PROBLEM DETAILS – All pictures are to be excluded when the data below is output verbatim.

MATERIAL PROVIDED –
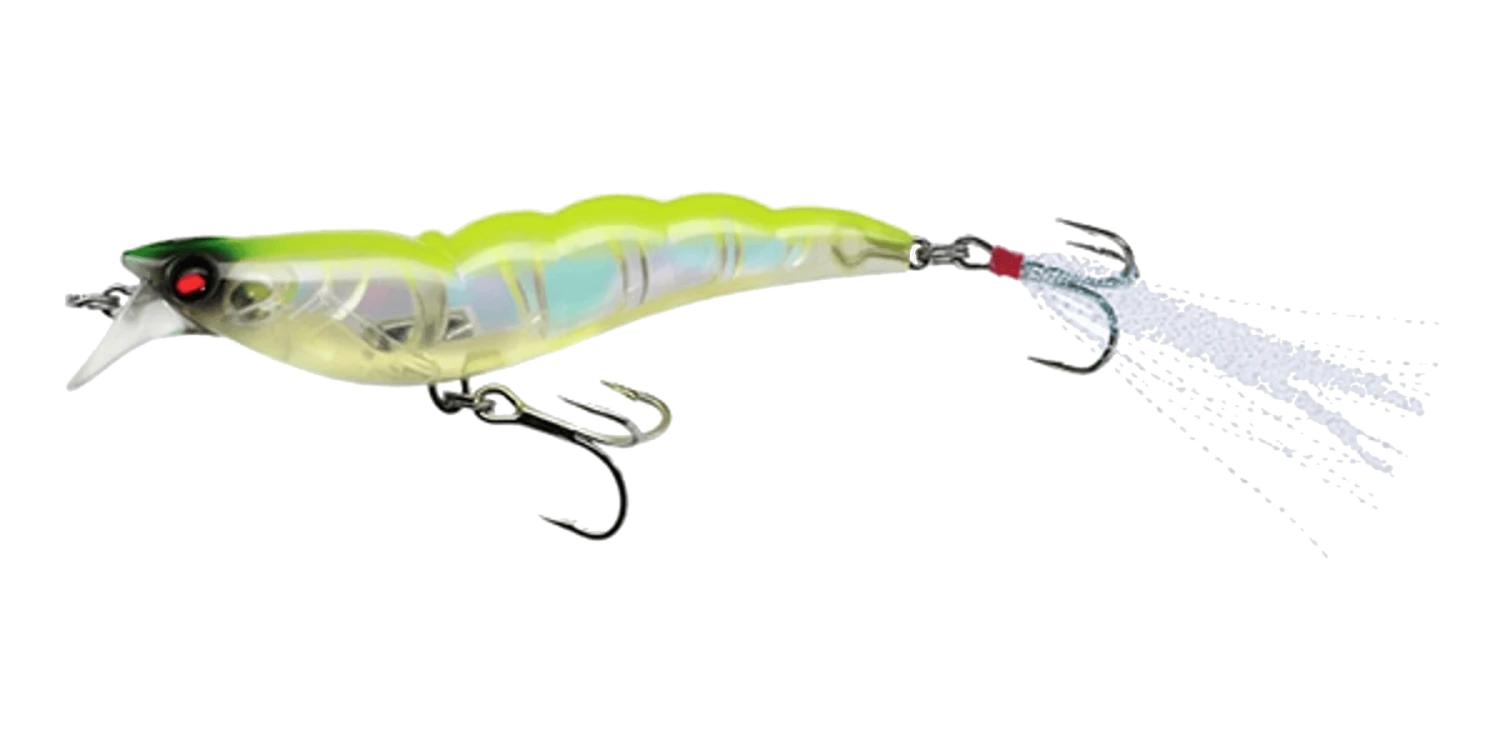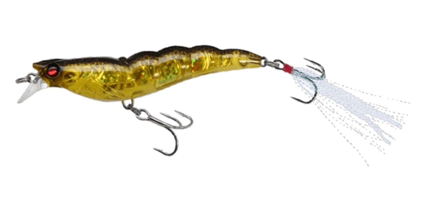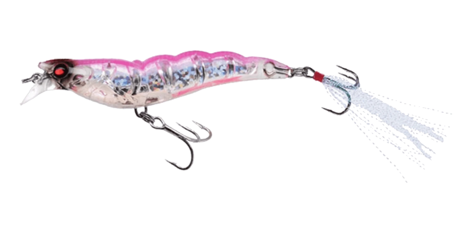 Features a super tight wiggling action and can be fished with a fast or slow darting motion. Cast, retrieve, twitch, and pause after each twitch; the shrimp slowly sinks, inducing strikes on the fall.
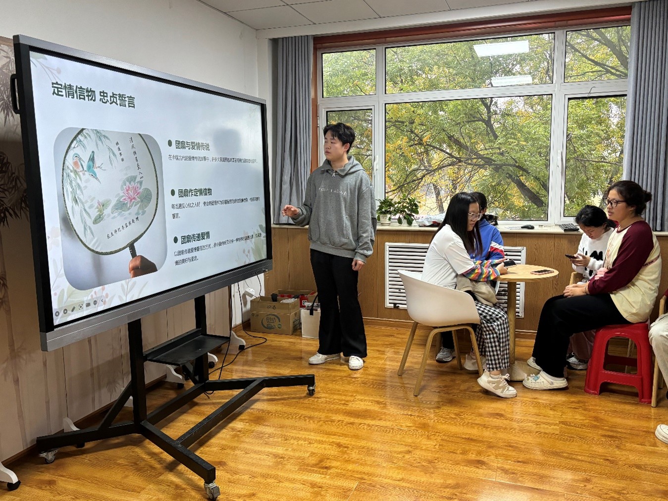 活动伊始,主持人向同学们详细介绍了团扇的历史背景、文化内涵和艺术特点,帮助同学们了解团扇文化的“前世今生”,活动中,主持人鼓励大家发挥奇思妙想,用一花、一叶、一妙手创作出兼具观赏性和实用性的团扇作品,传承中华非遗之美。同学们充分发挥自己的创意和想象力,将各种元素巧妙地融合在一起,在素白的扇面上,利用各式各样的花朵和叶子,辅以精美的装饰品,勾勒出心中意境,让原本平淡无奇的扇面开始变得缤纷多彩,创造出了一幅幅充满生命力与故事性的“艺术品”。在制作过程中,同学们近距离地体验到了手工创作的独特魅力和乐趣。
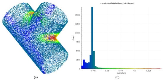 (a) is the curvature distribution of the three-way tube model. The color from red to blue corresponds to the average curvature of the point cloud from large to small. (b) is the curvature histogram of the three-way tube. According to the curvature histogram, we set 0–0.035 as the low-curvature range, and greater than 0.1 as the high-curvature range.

ANSWER BELOW –
 Features a super tight wiggling action and can be fished with a fast or slow darting motion. Cast, retrieve, twitch, and pause after each twitch; the shrimp slowly sinks, inducing strikes on the fall.
 活动伊始,主持人向同学们详细介绍了团扇的历史背景、文化内涵和艺术特点,帮助同学们了解团扇文化的“前世今生”,活动中,主持人鼓励大家发挥奇思妙想,用一花、一叶、一妙手创作出兼具观赏性和实用性的团扇作品,传承中华非遗之美。同学们充分发挥自己的创意和想象力,将各种元素巧妙地融合在一起,在素白的扇面上,利用各式各样的花朵和叶子,辅以精美的装饰品,勾勒出心中意境,让原本平淡无奇的扇面开始变得缤纷多彩,创造出了一幅幅充满生命力与故事性的“艺术品”。在制作过程中,同学们近距离地体验到了手工创作的独特魅力和乐趣。
 (a) is the curvature distribution of the three-way tube model. The color from red to blue corresponds to the average curvature of the point cloud from large to small. (b) is the curvature histogram of the three-way tube. According to the curvature histogram, we set 0–0.035 as the low-curvature range, and greater than 0.1 as the high-curvature range.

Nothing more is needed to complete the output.